Pakistan continues to provide sanctuary to the Taliban. China, Russia and Iran want to woo them. India must act on its own.
Major global powers like Russia and China and regional powers like Iran are now ready to embrace the Taliban — in their own interest, but ostensibly for peace in Afghanistan.
First, a quick review of the internal security and political situation is necessary. The Afghans say that the security situation is not as bad as outside experts suggest it is; but then, it is not as good as the Afghans would have us believe. Measured by any yardstick, the Taliban controls more territory today than they did last year. The fall of Sangin district in Helmand province to the Taliban on 23 March perhaps epitomises the security problem in the country. Strategically located between the Helmand river and Kandahar, the district is a centre of the lucrative opium trade. Control of Sangin is thus de facto control of the opium trade, and provides the Taliban a direct link between the provinces of Helmand and Kandahar.
The stakes are thus high. No wonder that battles have been fierce and the largest number of British and American troops died in Sangin than in any other district. Since 2013, when the control of the district was transferred to Afghan forces, hundreds of Afghans also have died fighting the Taliban.
In late July, the Taliban captured Taiwara district for a few days before being driven out by Afghan commandos. In early August, they seized control of an area in northern Sar-e Pul province.
The Taliban have increased their footprint by about 15 per cent all over the country since 2015. The Afghan government of Ashraf Ghani controls about 60 per cent of the territory. There will also be no reduction in Pakistani support to the Taliban. Unless the Afghan National Security Force (ANSF) acquires urgently needed weaponry and equipment, it will remain under considerable strain.

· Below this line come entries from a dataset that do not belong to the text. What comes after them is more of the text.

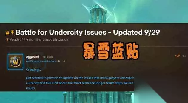 qNU 其实,该任务的BUG问题早在2008年正式服巫妖王之怒发布时,就已经出现过,外服玩家也纷纷遇到了这个BUG问题,即便是国服玩家体验WLK已经是后续版本了,这个任务的BUG依旧没有顺利修复,直到大灾变版本,暴雪才删除了这个任务,本以为历经了14年的时间,以现在的技术修复这个BUG问题绰绰有余,而且暴雪也确实在Beta测试服反复改善过,但没想到正式上线后,还是出现了BUG。qNU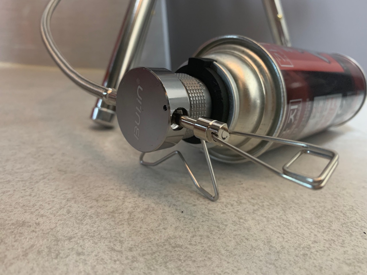 참고로 부탄가스를 체결해 사용할 때는 일반 버너에 부탄가스를 넣을 때처럼 홈이 위를 바라보게 하고 눕혀서 사용해야 한다. 함께 딸려온 z10 어댑터는 올바르게 놓을 수밖에 없도록 받침대와 홈이 자리 잡고 있다.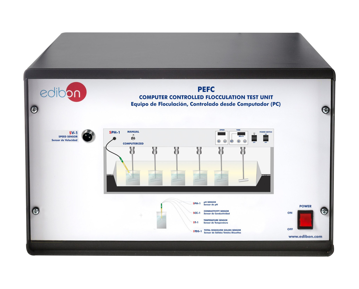The Computer Controlled Flocculation Test Unit, "PEFC", designed by EDIBON, allows to study the coagulation and flocculation operations and to analyze the main parameters that determine the colloids removal operation.

The US has remained extremely deferential to Pakistani hypersensitivity about Afghan rearmament. The ANSF thus never had the equipment and adequate training to be able to function as an army that was both an effective counter-insurgency force and able to engage against conventional trans-border threats. Ironically, foreign observers are now dismissive of the Afghan army’s capabilities as if the present state is entirely the fault of the Afghans themselves. Consequently, despite the estimated $780 billion spent mostly by the US over 15 years, the Afghan army remains underequipped and undertrained. A smarter, well-equipped, well-trained army comprising locals fighting on and for their own land would have been far greater value for money than well-equipped highly trained foreign troops.

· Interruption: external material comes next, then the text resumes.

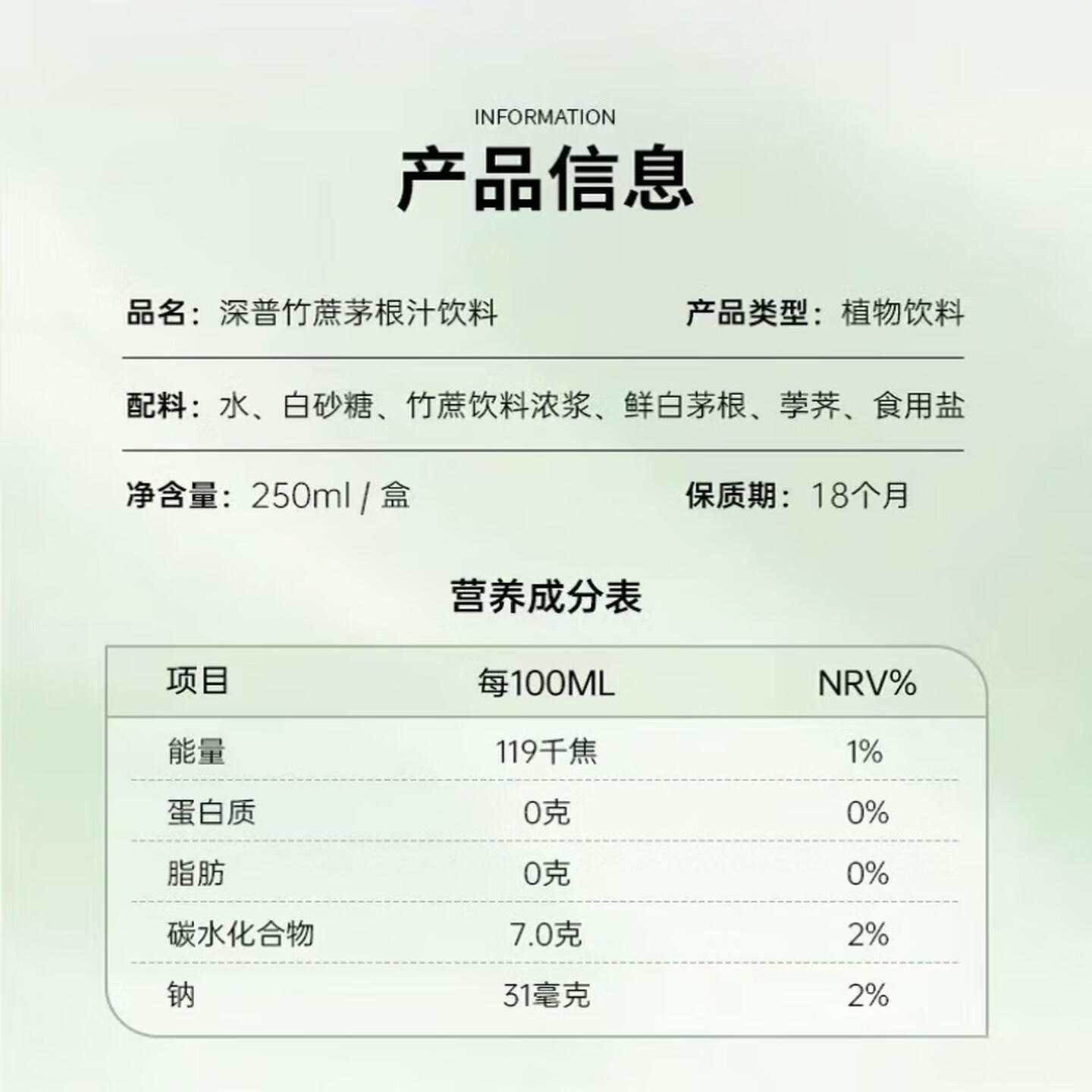 深普竹蔗茅根汁250ml |

Ultimately, American forces, seen as saviours in 2001, became just another occupation force in the eyes of the Afghans. This is what the Taliban have capitalised on. They have been able to attract some non-Pushtun to their ranks which increases their ability to withstand pressure or become more active in other parts of the country.
Today, no one really wants to discuss the two major problems afflicting Afghanistan; one, the opium trade that sustains the Taliban and the impoverished Afghan farmer; and two, the support Pakistan has rendered the Taliban and continues to.

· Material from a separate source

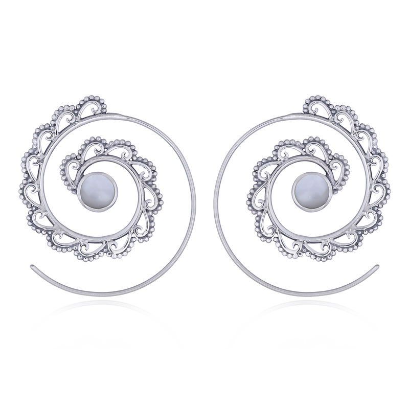 Spiral Mother of Pearl Boho Sterling Silver Drop Earring

Much is being made out of the presence of so-called Islamic State of Iraq and Syria (ISIS) in Nangarhar province of Afghanistan, bordering Pakistan. But informed opinion from Afghanistan asserts that there is no such entity like ISIS in the country. Some elements merely fly the ISIS flag. These are really those belonging to the Haqqani Network, closely associated with Pakistan’s Inter-Services Intelligence (ISI). The ISIS has brand equity amongst western nations, and now with Russia. Additionally, it provides Pakistan with deniability in its operations in Afghanistan. This might make the Haqqani faction look good, even humane, in the bargain. If the narrative about the Taliban among some powers can change to suit the occasion, so can that for the Haqqani Network. The ISIS is becoming a convenient diversion from the main threat to Afghanistan — the Taliban.
The US in Afghanistan
After the fall of the Soviet Union, the US, as the sole superpower, also became the global cynosure of other people hoping for American support in their struggles against oppressive regimes. The world hoped for a generous magnanimous nation trying to uplift the less advantaged. Instead, what they saw was an unshackled America pursuing only its own interests. Besides, over the years, excessive use of military force has only exposed its limitations. In the 1990s, as the Taliban threatened Afghanistan, the US was willing to do business with them, hoping this would help American petroleum companies like Unocal with the Turkmenistan gas connection. Less than a decade later, in a role reversal, the US was hunting the Taliban. Today, the discourse is that the US should do deals with them. In the process, the US does not get a high score on the reliability index.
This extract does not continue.